The exact mechanism by which metformin affects men’s reproductive health is unclear. Here’s what the study found:

  • More than 1 million babies were studied. Of these, 3.3% had one major birth defect at least. Just over half were boys.
  • Approximately 1,500 babies had metformin exposure, and approximately half were male. Birth defects occurred at a rate of 5.2% among metformin-exposed babies. In other words, birth defects increased with metformin use by the father. 
  • The type of birth defect that was most common was genital defects. They occurred only in male offspring. 
  • Men who took metformin outside the 3-month period of sperm development did not have babies with a higher birth defect rate. Therefore, it’s not only taking metformin but the timing of the treatment that’s important.
  • The researchers compared exposed babies to siblings who were not exposed to metformin and found that offspring without metformin exposure did not have increased rates of birth defects compared to the general population. Therefore, the risk was not coming from the father.
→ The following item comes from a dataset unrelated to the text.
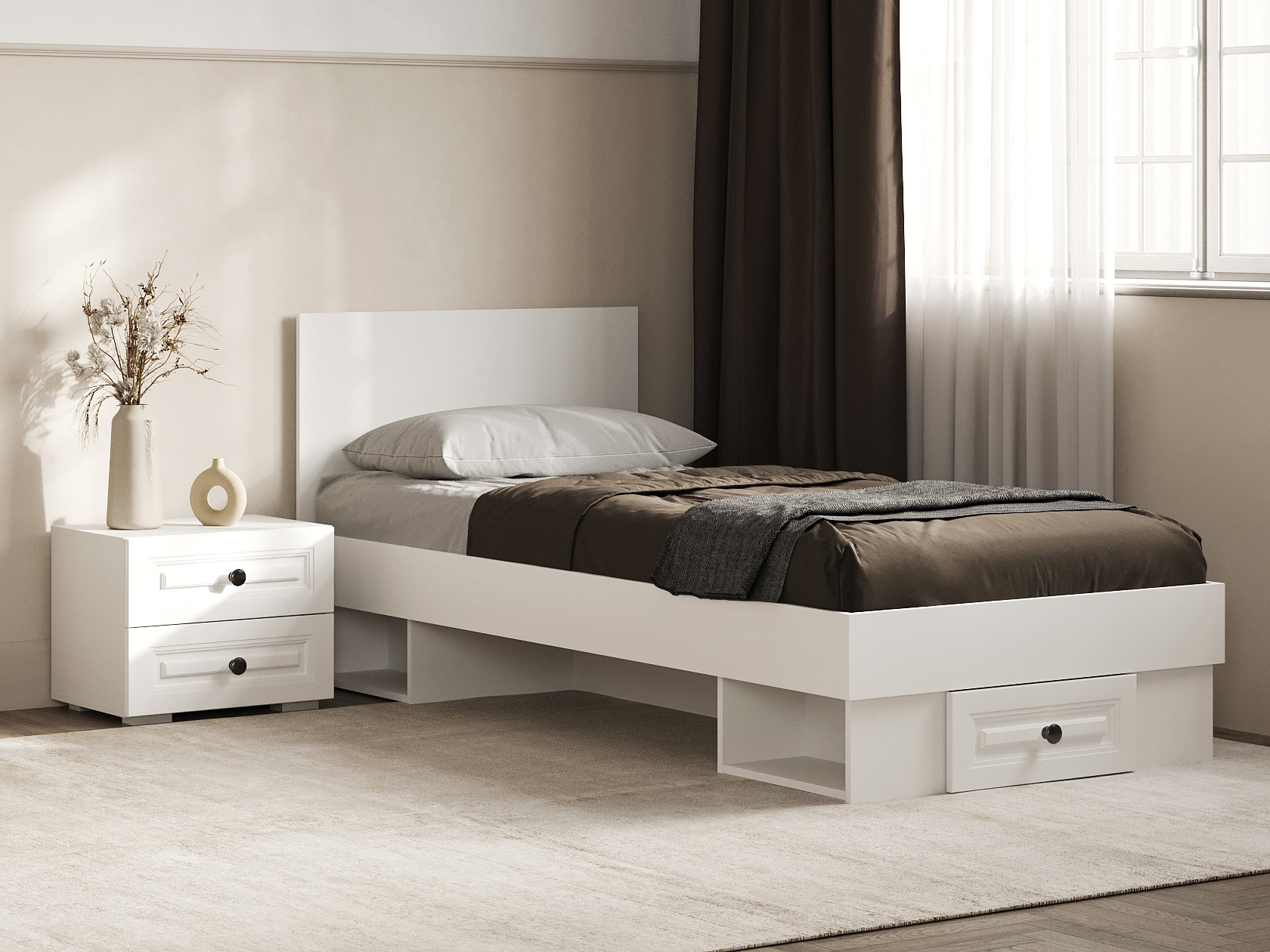 Белый. 90х200 см. С дополнительным ящиком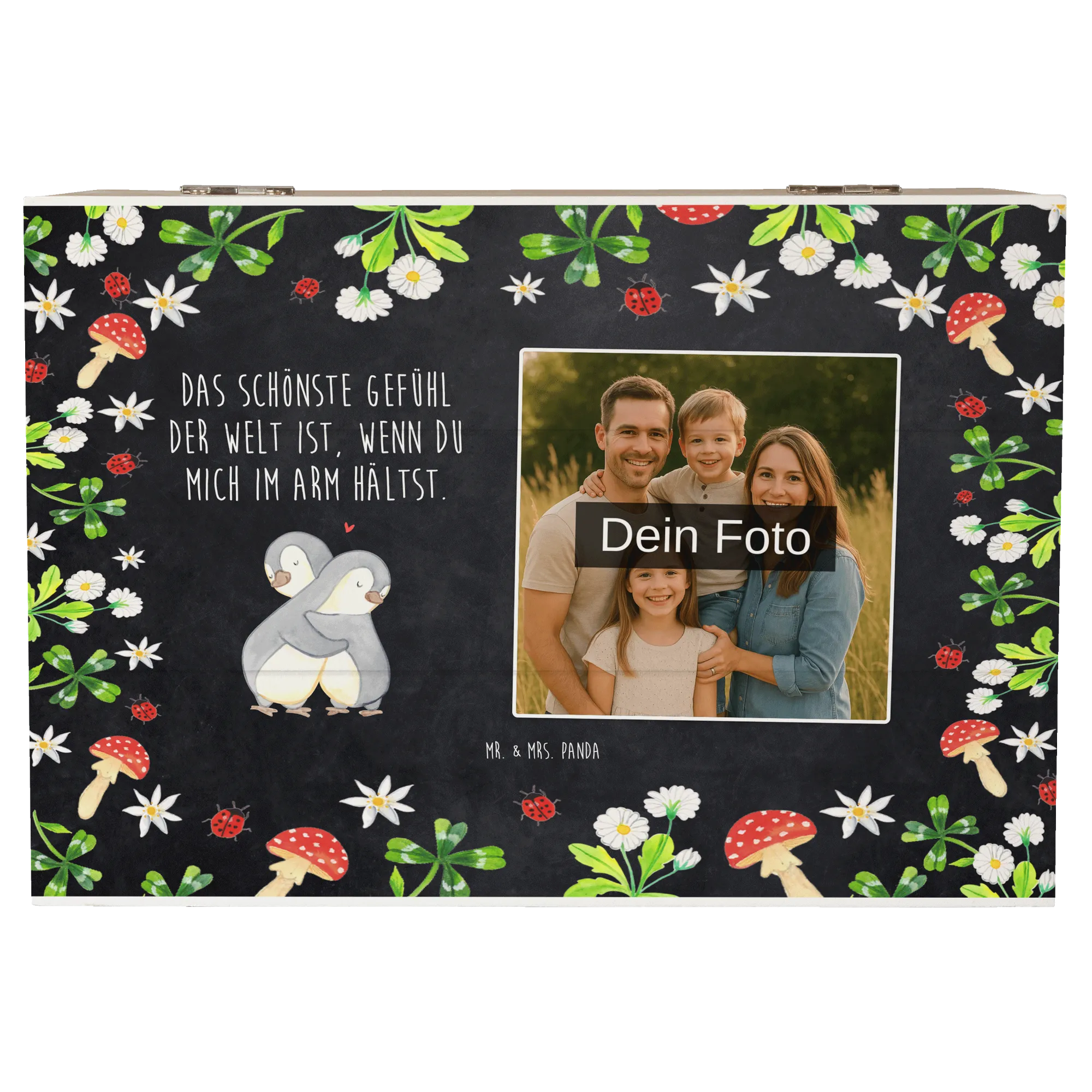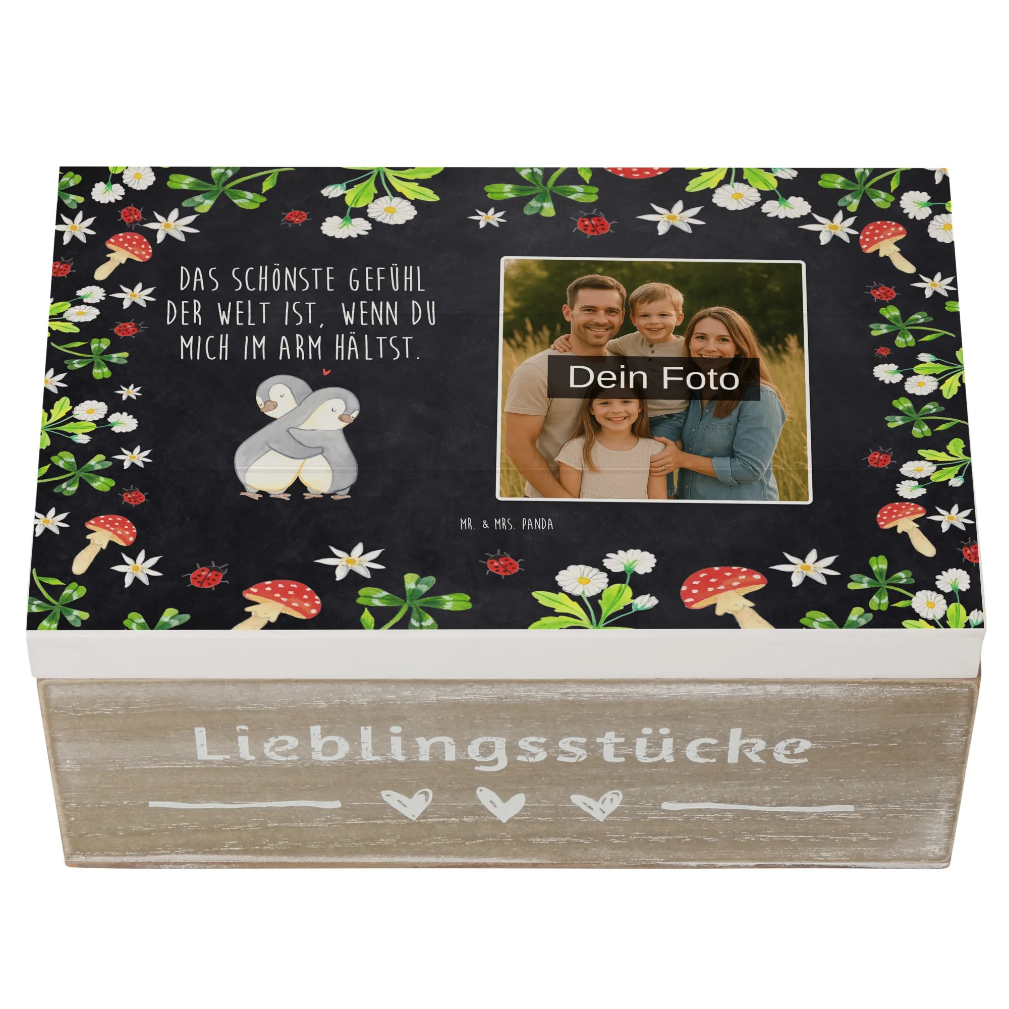 Personalized Photo Wooden Box penguins Cuddle - 22 x 15 cm - White

Besides paternal metformin exposure, can other medications cause a birth defect?

The researchers looked at how taking metformin compared to two other medications commonly used to treat diabetes — sulfonylureas and insulin. 

Insulin exposure did not affect the birth defect rate or the sex ratio. In the babies that had paternal exposure to sulfonylureas, birth defects occurred in 5.1%. Just about half of these babies were boys. 

While these trends are similar to metformin, sulfonylureas did not cause a statistically significant increase in birth defects, did not show a link to the three-month preconception period, and did not demonstrate a consistent pattern of genital defects.

Should men planning fatherhood avoid metformin? 

This observational study has shown that paternal metformin exposure leads to an increased frequency of birth defects in babies, specifically genital defects in male offspring.

However, without further confirmation in other patient populations outside Denmark, it is premature to make changes in clinical practice and advise against metformin use by men of reproductive age with type 2 diabetes who require this medication for glycemic control. 

Couples planning pregnancy should discuss the use of metformin or any medication in general with their doctors to weigh the risks and benefits of metformin use. This study has emphasized that we need to think beyond maternal factors in reproductive health. The link between paternal metformin use and birth defects has shown that the father’s health can significantly affect the baby’s health.